While we know to look for Mexico’s Infinite Machine label for forward-thinking music of a dizzying spectrum of music — both the kind which is easily categorisable and the sort which slips between definitions — it’s still a pleasant surprise to find new and startling artists in their new releases.
The latest drop, ‘Say‘ EP from Aroent, falls into quite a lot of those brackets of music: while the touch of “global” techno and UK bass music is prevalent in the sound, Aroent combines the ingredients in such a way as to create something genuinely intriguing, a new amalgam that is part of the group while remaining its own unique thing.
‘Say‘ stacks three percussion-heavy original cuts, psychedelic club workouts that disentangle themselves from brief entrapment in acid and breaks before staggering onwards in uneven gait, alongside a stunning (and highly apt) remix from Ploy. Aroent, a producer previously unknown to us, demonstrates not only premium sound sculpting skills, but also a rare skill for micro-dosing genre into his tracks.

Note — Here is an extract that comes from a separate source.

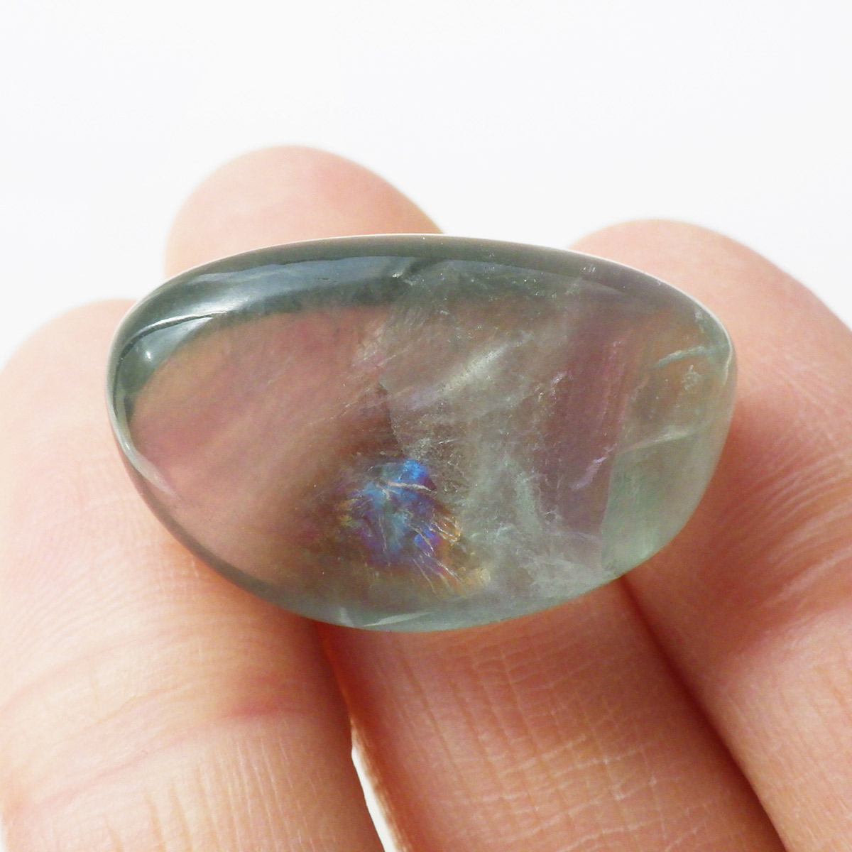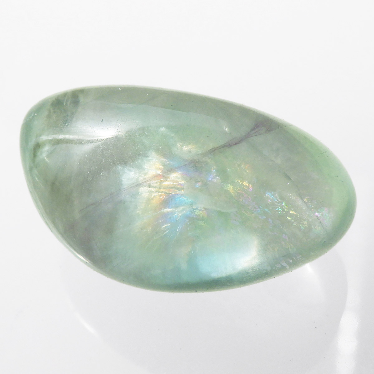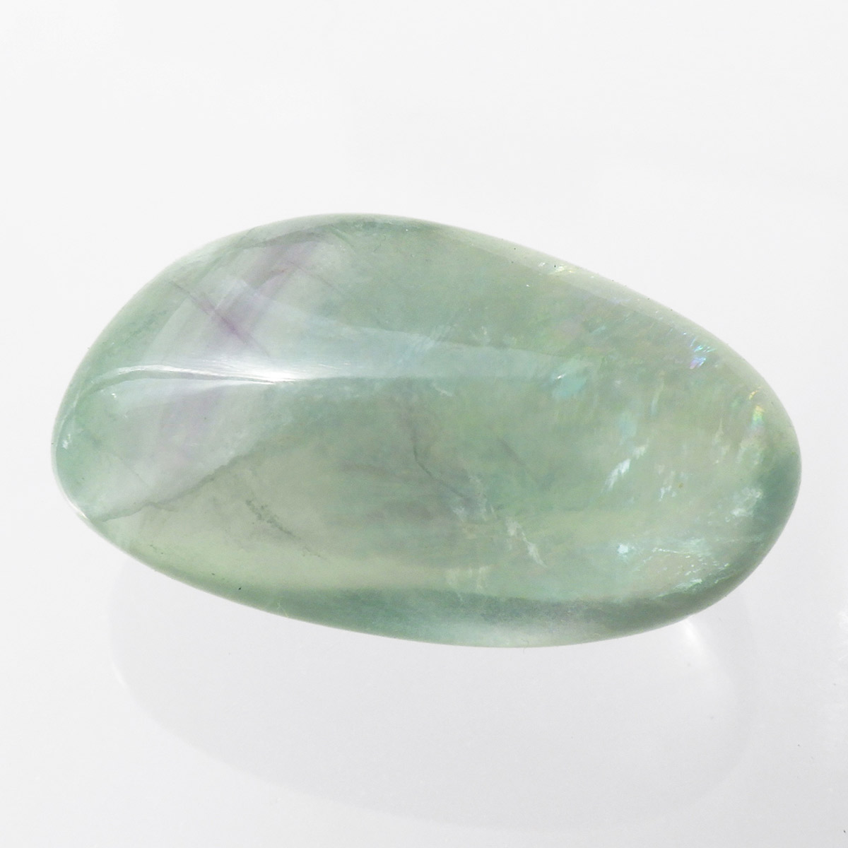 ブルーグリーンフローライト、タンブルです。 大変透明度が高く、いろいろなカラーの色彩が見られます。蛍石の名前の通り、様々な角度からその美しさを楽しむことができます。光にかざして透かすと、カラーが複雑に入り乱れており、そのグラデーションが大変きれいです。

Dubstep surges, 2-step swing, dense IDM programming as well as breaks and rougher-edged gasps of jungle, are all finely diced into the mix, providing momentary blasts of flavour across a broad range of sound. After sinking into the EP over multiple listens, and even test-driving the Ploy remix in a club setting, we were happy to have a short Q+A with Aroent to unlock a little more about his production tactics, the inspirations of the EP, and more.
Interview by Freddie Hudson
"I want to create club oriented tracks with a tendency to surprise, and ideally keep things sounding fresh"
Hi Aroent — thanks for answering our questions. We wanted first to congratulate you on the release of the EP! How did the opportunity come about, and have you been sitting on the tunes for a while?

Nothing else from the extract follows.